**PROBLEM:**
The lines below, from the one holding "Cedule, která kolemjdoucí, ale" through the one holding "Wallpaper Basket of", are to be restated word for word, with all images left out.

▼▼▼

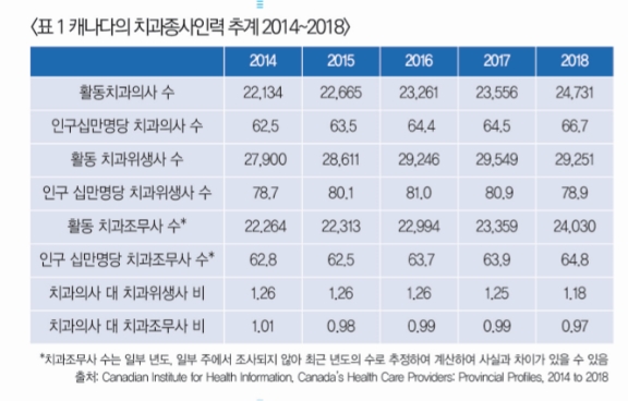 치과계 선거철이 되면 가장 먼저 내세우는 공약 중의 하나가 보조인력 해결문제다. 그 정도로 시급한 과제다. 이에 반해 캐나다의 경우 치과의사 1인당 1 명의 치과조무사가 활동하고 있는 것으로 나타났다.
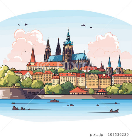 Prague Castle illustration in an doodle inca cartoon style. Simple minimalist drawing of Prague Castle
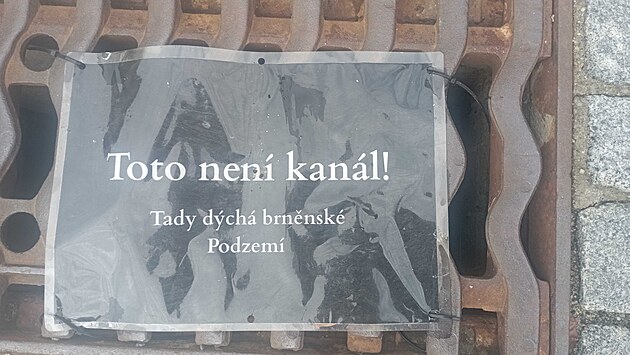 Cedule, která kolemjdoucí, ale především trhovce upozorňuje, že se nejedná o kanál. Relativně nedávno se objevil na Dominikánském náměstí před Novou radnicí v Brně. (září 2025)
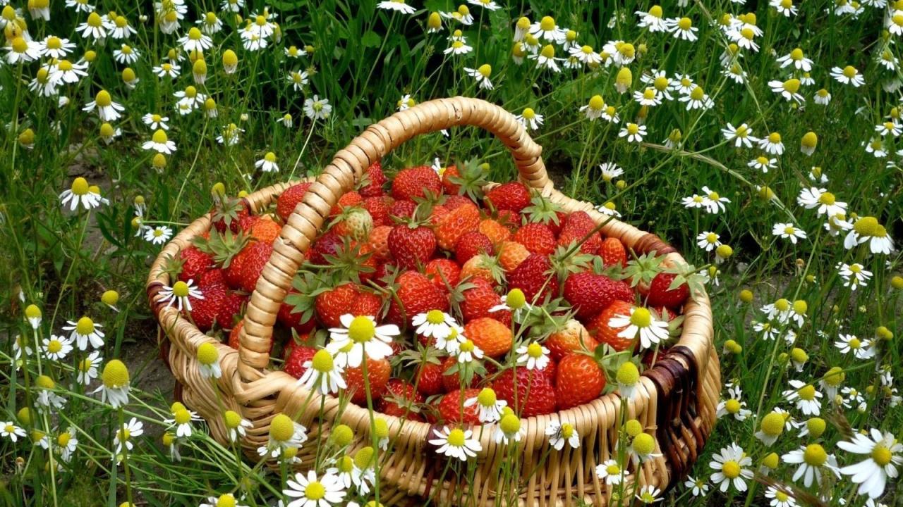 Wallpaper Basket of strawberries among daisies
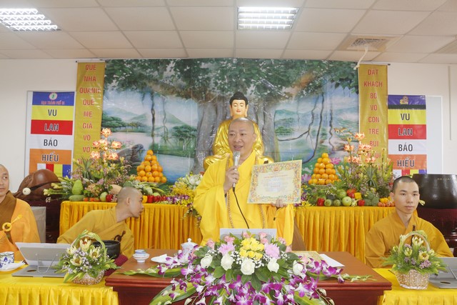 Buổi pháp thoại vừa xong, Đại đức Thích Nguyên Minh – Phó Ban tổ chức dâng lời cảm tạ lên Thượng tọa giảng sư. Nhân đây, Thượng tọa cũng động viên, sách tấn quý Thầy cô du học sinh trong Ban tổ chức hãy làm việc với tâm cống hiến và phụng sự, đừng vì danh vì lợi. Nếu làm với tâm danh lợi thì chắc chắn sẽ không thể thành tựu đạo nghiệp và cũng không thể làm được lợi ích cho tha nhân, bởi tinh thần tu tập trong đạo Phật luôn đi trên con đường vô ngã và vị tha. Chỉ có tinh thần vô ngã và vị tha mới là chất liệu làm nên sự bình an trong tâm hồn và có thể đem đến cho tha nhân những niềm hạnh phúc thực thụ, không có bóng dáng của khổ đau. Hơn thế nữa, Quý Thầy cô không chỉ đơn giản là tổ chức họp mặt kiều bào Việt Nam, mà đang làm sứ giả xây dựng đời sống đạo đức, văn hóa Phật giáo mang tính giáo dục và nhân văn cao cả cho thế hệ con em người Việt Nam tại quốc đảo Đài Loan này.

▲▲▲
▼▼▼

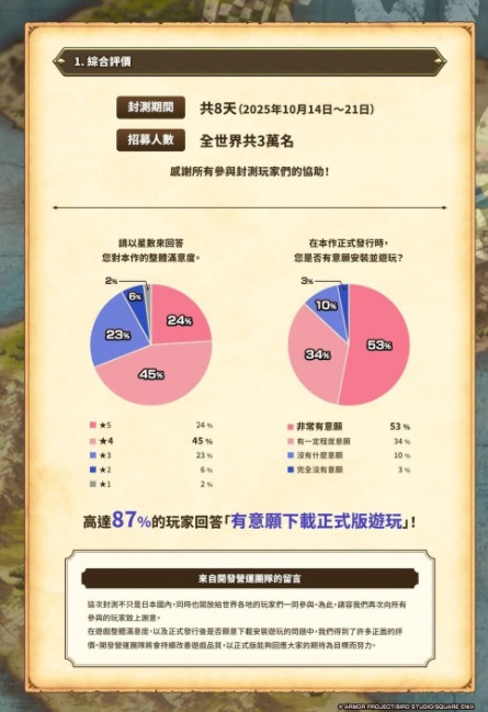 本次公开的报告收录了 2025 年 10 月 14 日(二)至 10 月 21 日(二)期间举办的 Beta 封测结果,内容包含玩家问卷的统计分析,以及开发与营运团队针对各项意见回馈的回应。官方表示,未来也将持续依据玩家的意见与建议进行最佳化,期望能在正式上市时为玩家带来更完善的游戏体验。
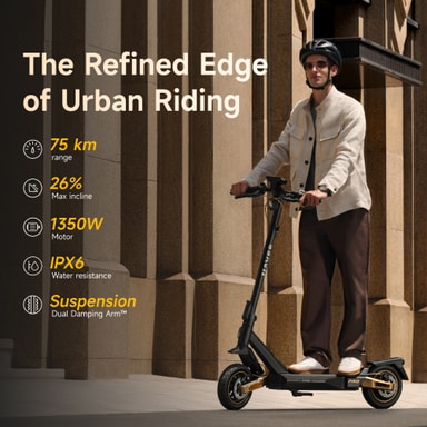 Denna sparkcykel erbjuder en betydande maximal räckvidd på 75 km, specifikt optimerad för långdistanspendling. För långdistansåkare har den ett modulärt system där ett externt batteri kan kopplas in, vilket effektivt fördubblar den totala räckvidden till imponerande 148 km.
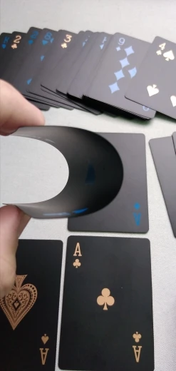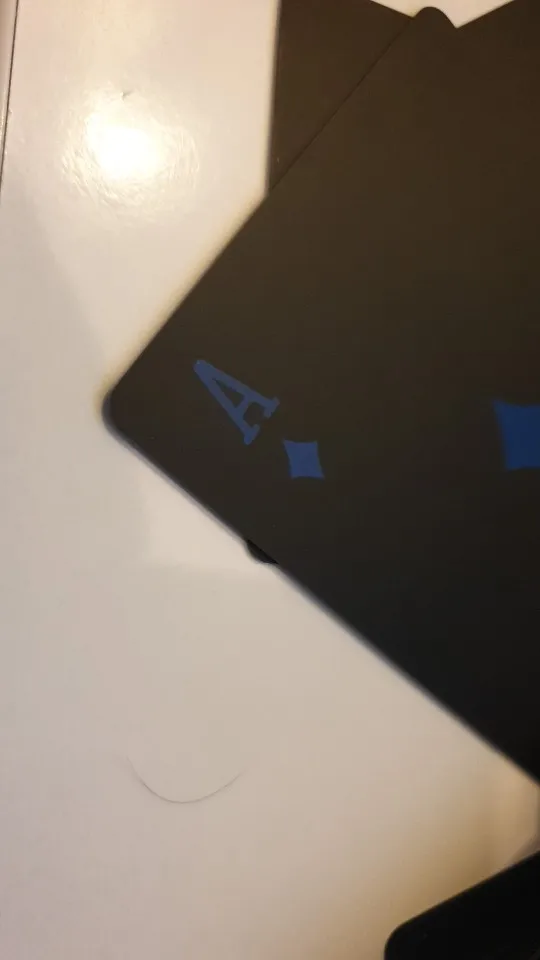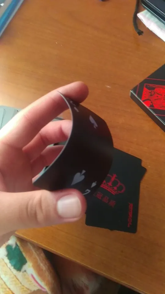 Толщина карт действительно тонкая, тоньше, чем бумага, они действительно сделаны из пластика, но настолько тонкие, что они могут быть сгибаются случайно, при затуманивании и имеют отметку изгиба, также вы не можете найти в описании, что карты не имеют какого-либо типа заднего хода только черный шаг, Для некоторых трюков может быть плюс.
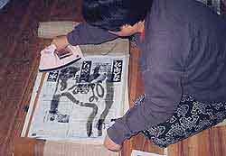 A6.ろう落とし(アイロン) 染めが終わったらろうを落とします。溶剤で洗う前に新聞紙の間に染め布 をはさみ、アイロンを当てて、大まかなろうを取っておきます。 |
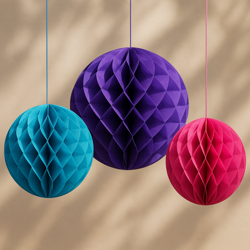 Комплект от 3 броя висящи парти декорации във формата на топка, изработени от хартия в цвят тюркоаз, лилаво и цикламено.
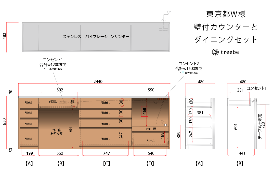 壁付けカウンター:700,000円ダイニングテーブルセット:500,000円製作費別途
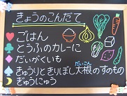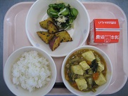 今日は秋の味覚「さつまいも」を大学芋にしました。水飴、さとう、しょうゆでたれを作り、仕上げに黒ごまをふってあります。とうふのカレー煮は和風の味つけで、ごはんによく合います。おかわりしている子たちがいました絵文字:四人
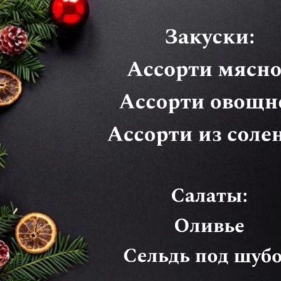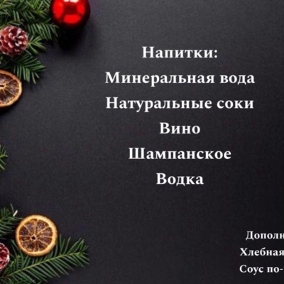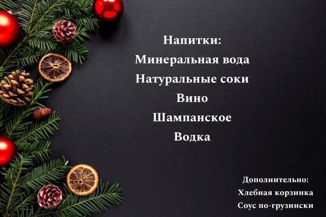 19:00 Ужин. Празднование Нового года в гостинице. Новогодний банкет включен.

▲▲▲
▼▼▼

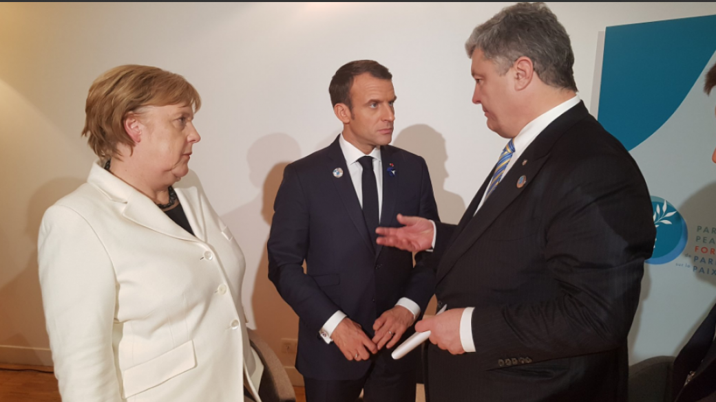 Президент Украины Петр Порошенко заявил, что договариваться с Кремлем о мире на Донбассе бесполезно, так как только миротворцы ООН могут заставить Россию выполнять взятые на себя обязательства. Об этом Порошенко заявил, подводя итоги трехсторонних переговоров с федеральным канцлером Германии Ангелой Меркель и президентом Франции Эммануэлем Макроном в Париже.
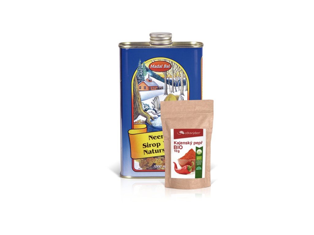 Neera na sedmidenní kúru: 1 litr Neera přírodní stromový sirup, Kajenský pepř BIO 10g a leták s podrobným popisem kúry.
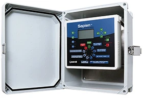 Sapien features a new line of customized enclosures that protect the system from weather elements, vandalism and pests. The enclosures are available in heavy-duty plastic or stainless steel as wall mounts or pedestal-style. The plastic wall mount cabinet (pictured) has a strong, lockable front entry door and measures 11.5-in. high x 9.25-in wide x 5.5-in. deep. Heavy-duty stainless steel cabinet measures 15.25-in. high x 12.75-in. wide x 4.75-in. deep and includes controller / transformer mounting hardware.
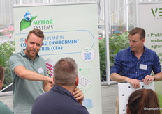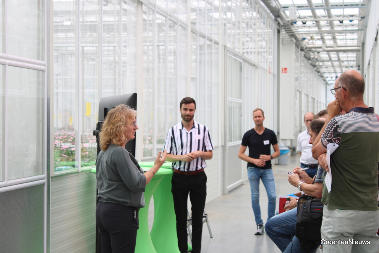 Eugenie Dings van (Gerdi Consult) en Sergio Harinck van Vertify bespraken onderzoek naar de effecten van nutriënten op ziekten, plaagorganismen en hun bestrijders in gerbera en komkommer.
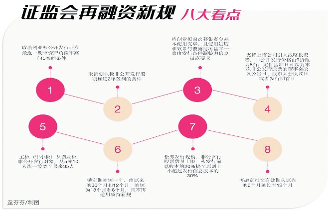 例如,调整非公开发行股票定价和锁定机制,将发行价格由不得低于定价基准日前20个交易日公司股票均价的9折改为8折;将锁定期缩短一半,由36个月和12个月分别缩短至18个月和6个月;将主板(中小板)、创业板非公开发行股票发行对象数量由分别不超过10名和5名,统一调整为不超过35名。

▲▲▲

**RESPONSE TO THIS TASK:**
 Cedule, která kolemjdoucí, ale především trhovce upozorňuje, že se nejedná o kanál. Relativně nedávno se objevil na Dominikánském náměstí před Novou radnicí v Brně. (září 2025)
 Wallpaper Basket of strawberries among daisies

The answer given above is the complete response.